Странное дело: сейчас эти слова вовсе не казались мне возмутительными. Слушая цветистую речь Тиса (точнее, фонограмму, потому что голос был не в ладу с движениями губ), я подумал:

«Неужели она права?»

А толпа затаила дыхание: не каждый день удается увидеть и услышать великого человека, спасшего Космополис от изменников, которые продались «призракам»!

Стоявшие на трибуне также не спускали глаз с оратора. Лишь Урм – не померещилось ли? – водил глазами по рядам, как будто выискивал кого‑то. Вот наши взгляды встретились, и он подмигнул мне. А может, просто моргнул?

 

Взгляд на Гему

 

И все же странный человек этот Урм! Такой же функционер, как Реут, даже рангом повыше – младший советник самого Лоора, – а ведет себя просто, не важничает…

Но что я знаю о нем? Открытый, обаятельный. Так почему же, если он такой хороший, не откроет глаза Лоору на злоупотребления администраторов? Ведь вождь может просто не знать об этом. Наверняка не знает!

Да… все не так просто. Урм умнее Реута, это очевидно. В остальном же между ними вряд ли есть разница!

Так я думал об Урме до вчерашнего дня. И как раз вспоминал о нем, когда почувствовал на плече его сильную руку. Разумеется, наша встреча была случайной, только не слишком ли часто стала повторяться случайность?

– Торопишься к Асде? – улыбнулся Урм.

Надо же, запомнил!

– Да нет… Просто прогуливаюсь, – уклончиво сказал я.

– Хочешь, пойдем ко мне?

Вот это неожиданность! У нас ведь не принято приглашать друг друга в гости. Да и как бы я мог позвать к себе Урма, если сам с трудом втискиваюсь в свою узкую, словно пенал, жилую секцию, а уж вдвоем с Асдой…

Я представил себе Урма на месте Асды и невольно рассмеялся: уж больно нелепая картина возникла в воображении!
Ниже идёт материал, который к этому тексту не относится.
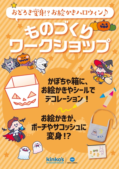 当社は、イベントで使われるフォトブース、その他誘導ツールを提供します。また、イベント当日には、かぼちゃ箱のワークショップ、そして描いた絵をポーチやサコッシュにプリントし、グッズが自宅に届くワークショップを開催します。

– Что тебя рассмешило? – спросил Урм удивленно.

– Да так… Вспомнил кое‑что.

– Ну, решайся!

– Пошли, – кивнул я.

Мы поднялись на верхний ярус, пересекли аппарель и по нескольким переходам дошли до Базы.

У входа в центральный тамбур стоял сотрудник охраны верности в яркокрасном парадном комбинезоне с боевым излучателем на поясе – «верняк», как говорили мы для краткости, вкладывая в это слово и скрытую насмешку, и боязливое уважение.

Служба верности, сокращенно «СВ»… Эти две буквы вызывали у нас дрожь. Могущественная СВ властвовала над нашими жизнями, и это было так же привычно, казалось таким же естественным, как вращение Космополиса вокруг Гемы, а Гемы вокруг Яра.

Иногда я задавал себе вопрос, из тех, что остаются без ответа: кто правит нами, лига или СВ? Однажды даже спросил об этом Асду. У нее ведь не бывает безответных вопросов…

– Да это одно и то же! – брезгливо сказала она.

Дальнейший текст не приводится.